Motivation

Based on successful nf-core/differentialabundance runs, we wished to augment them with gene ontology information in order to examine relationships with biological functions of the differentially expressed genes. nf-core/differentialabundance supports this, and requires one or more gene matrix files. The present task was to create a GMT file for C. Virginica, because none existed, and re-run nf-core/differentialabundance.

Results

Here is the differential abundance summary report including GSEA results in the Gene set analysis section. The link will download the HTML file for local display. The GMT file used, and its precursor files, are in our Git repository here, all prefixed with 4706222.C_virginica, based on the GOA file name from which they were derived.

Method

Because apparently no GMT file existed for C. Virginica, I used ChatGPT to give me the following recommendations:

Download C. virginica GO GAF from UniProt or NCBI
Parse GAF to map genes → GO terms
Write out a standard tab-delimited GMT I found a .goa file for C. Virginica. and added the file to our Git data directory.

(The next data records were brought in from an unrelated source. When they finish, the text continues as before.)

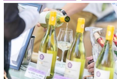
【ワインスタンドイメージ】
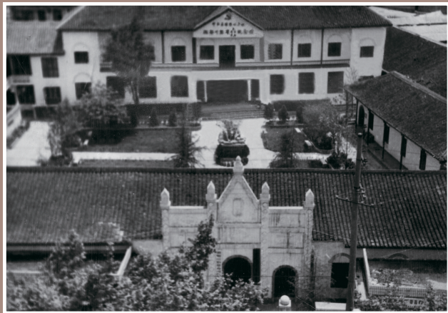
一九三八年创办 湖南省私立孔道中学大庸分校，此为天主堂旧址
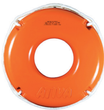
Cód. 17140 - Boia Salva Vidas Laranja Classe III s/ Refletivo 50 cm

Fabricante: JT Ativa Ref. Fabricante: BCT50
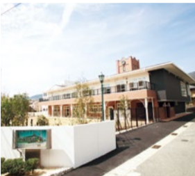
御影の閑静な住宅街にある同園は、真新しい大きな園舎と天然芝の広々とした園庭、子どもたちがのびのび過ごせるのも魅力。

開園から3年目を迎える同園は、特色ある3つのプログラムにより、注目度UPのこども園。最大の特徴である「英語イマージョンプログラム」では、英語を学ぶのではなく、英語で遊んだり、さまざまなことを体験していく中で、英語をツールとして使いこなせる「真の国際人」を育てる。「MIKプログラム」の中では、日本人としてのアイデンティティを育てるためのさまざまな活動も展開。園長先生の「当園では、詰め込み式の教育ではなく、遊びや生活を通じて様々なことを学びます」との言葉が印象的。保護者の就労の有無に関係なく通えることも大きな魅力の一つ。7月から開催される入園説明会へ是非参加してみてください。
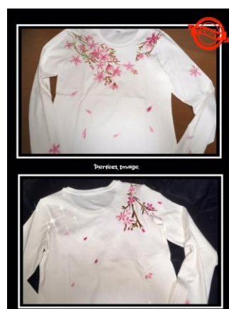
桜日和 手描き Tシャツ
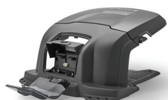
ABDECKHAUBE 585 01 94-01
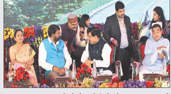
उदयपुरा (एनएच-45) को जोड़ने से जिले की यातायात व्यवस्था में

नवभारत न्यूज विदिशा, जिला पंचायत अध्यक्ष ने प्रवास पर आए केंद्रीय सड़क परिवहन एवं राजमार्ग मंत्री नितिन गडकरी से भेंट कर जिले के विकास के लिए दो बड़े विजन पत्र सौंपे. अध्यक्ष ने मंत्री को अवगत कराया कि एनएच-346 पर स्थित ग्राम हिनोलिया से गुलाबगंज और एनएच-146 पर स्थित मानोरा से गैरतगंज-सिलवानी होते हुए
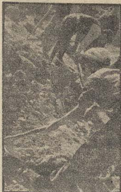
Un momento más, por la victoria!

dedica los domingos a fortificar nuestras costas y construir refugios
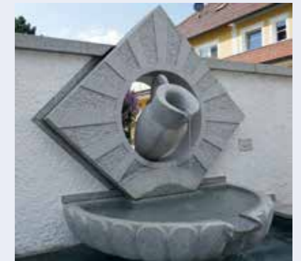
Granitbrunnen von Kleinzell

Anmeldung bis Freitag, 13. Mai, 12.00 Uhr unter Tel.: 08531/29717 (Graw) und 08532/921062 (Koblbauer)
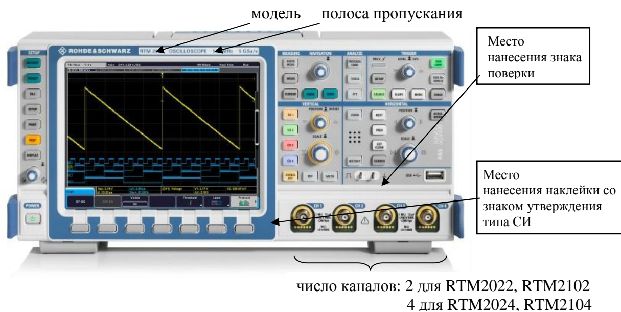
Рисунок 1- Внешний вид осциллографов цифровых запоминающих RTM2022, RTM2024, RTM2102, RTM2104

Схема пломбировки от несанкционированного доступа и обозначение мест для размещения наклеек приведены на рисунке 2.
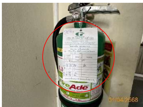
ภาพที่ 2.2-40 อุปกรณ์ป้องกันและระงับอัคคีภัย
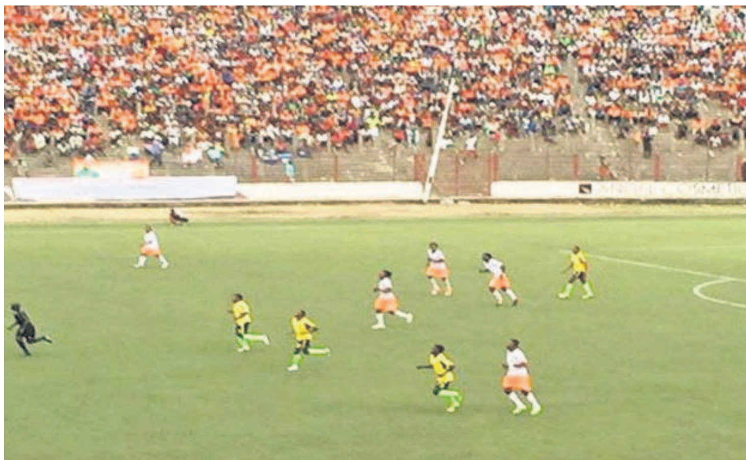
Vue d'un match du FC Renaissance du Congo au stade Tata-Raphaël de Kinshasa

Sur le site de Mbuji-Mayi, Kungu Pemba affrontera, le 28 juin, la Jeunesse sportive de Kinshasa et l'AS Nyuki s'opposera au club local d'AS Bantous. Les deux premiers des deux groupes accéderont en demi-finales prévues à Kolwezi, dans la province du Lualaba. Le vainqueur de la 54e édition de la Coupe du Congo succédera à Maniema union et prendra part à la Coupe de la Confédération.

I used the following scripts (created mostly by ChatGPT) in the following order:

goa_to_gmt.py to create a base GMT file from the downloaded GOA file. Noting that all evidence codes were IEA, meaning Inferred from Electronic Annotation, I had it filter only ND (No biological data available) codes. ChatGPT noted:
You can proceed with IEA-only gene sets, with the understanding that:
- The annotations are computational predictions, not experimentally validated.
- Enrichment results will reflect putative function, useful for hypothesis generation but not definitive.
This is a common reality when working with non-model species like Crassostrea virginica.
add_go_names_to_gmt.py to add gene ontology terms. Output file was 4706222.C_virginica_named.gmt
filter_gmt_by_geneset_size.py to filter out gene sets < 10 (not enough signal) or > 500 (too broad), producing 4706222.C_virginica_named_filtered.gmt
filter_gmt_by_go_depth.py to produce 4706222.C_virginica_named_filtered_depth3.gmt.
After running GSEA within an nf-core/differentialabundance pipeline, the GSEA section only lists the GO terms, like GO:0031032, not the function, so I used enrich_gmt_with_go_namespaces.py to have the GO IDs include encoded gene function, producing 4706222.C_virginica_named_filtered_depth3_enrichednames.gmt. I used this GMT file in the differentialabundance pipeline to produce the results linked in the Results section above.